In accordance with prior results (Faris & Dunham 1939; Warner et al. 1995; Muntaner et al. 1998; Compton et al. 2007), we found, in Swedish national data after controlling for individual income, financial assistance, employment status and country of birth, a substantial relationship between the experience of neighborhood-level SD and risk for DA. However, this relationship is open to two major causal interpretations. First, the traits that increase risk for DA could also predispose individuals to poor occupational functioning, which would in turn increase the probability of residence in low SES areas with high SD. In this selection model, living in a neighborhood with high SD does not directly impact on risk for DA. Instead, the association arises because of a set of personal attributes that both increase risk for DA and increase selection into high SD environments.

The second possible interpretation of the SD–DA relationship is a causal one. The social environment itself could impact directly on risk for DA through a range of mechanisms including greater drug and crime exposure, an increased sense of helplessness, poorer social support with reduced ties to employed individuals, reduced economic opportunities and more deviant behavior in available peers (Crum et al. 1996; Williams & Latkin, 2007). The potential importance of this SD–DA pathway is supported by meta-analytic results documenting the clustering of DA outcomes in geographical areas (Karriker-Jaffe, 2011).

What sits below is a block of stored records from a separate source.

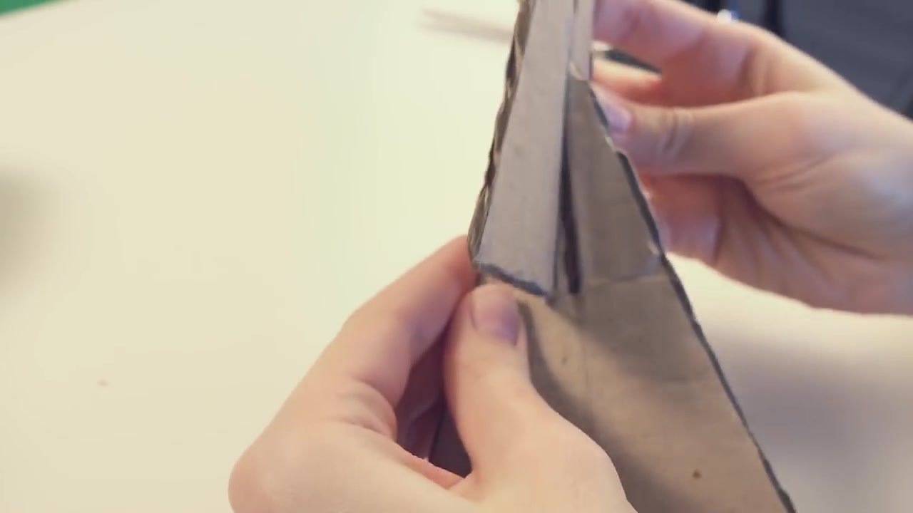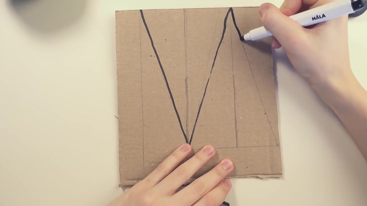 - Em um papelão grosso, desenhe a peça de trabalho. O tamanho dependerá das suas preferências. Recomendo que a altura do produto fique em torno de 20 cm O branco é um triângulo isósceles, desenhado com uma régua em duas cópias.
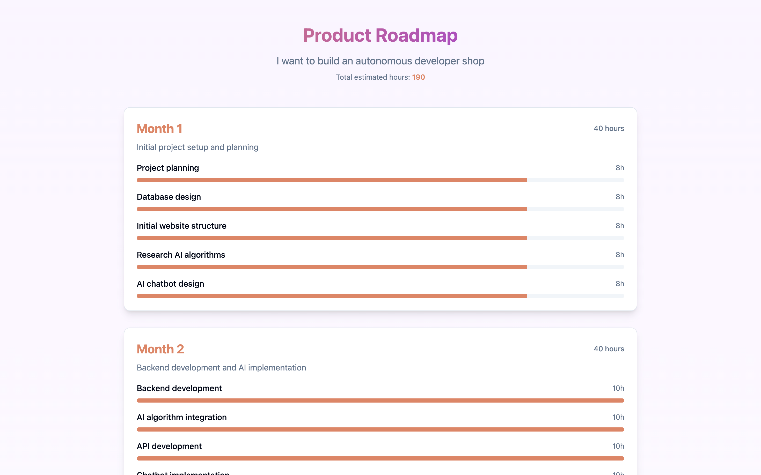 During our first kickoff session, our team works with you to refine your idea, narrowing the scope to focus on the core experience and outcomes that will deliver maximum value to your customers. Once the Minimum Viable Product (MVP) is defined, our experts guide our autonomous platform to build it in days, not months.
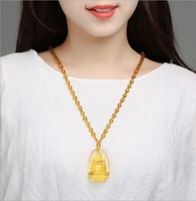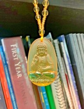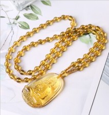 Citrine Guardian Buddha Pendant Amilet / FengShui Wealth Fortune Necklace

Discriminating between a selection and a causal model for the association between SD and risk for DA is both difficult and important. In this report, we used a combined prospective and familial design to address this issue. As the risk for DA is strongly familial, with contributions from both genetic and shared environmental factors (Cadoret et al. 1986, 1996; Tsuang et al. 1996; Merikangas et al. 1998; van den Bree et al. 1998; Kendler et al. 2000, 2012; Lynskey et al. 2002), relatives of affected individuals will share a substantial range of risk factors for DA. The magnitude of sharing will be greater the closer the familial relationship. If the SD–DA correlation arises from selection, then the association between SD and DA should be lower in pairs of relatives discordant for SD exposure than in the general population because the unexposed relative (the one living in the low SD environment) will share some of the familial risk factors for DA and therefore will have an increased risk for DA. Because of this sharing, these relative pairs should differ less in risk for DA than unrelated individuals who vary to a similar degree in their exposure to SD.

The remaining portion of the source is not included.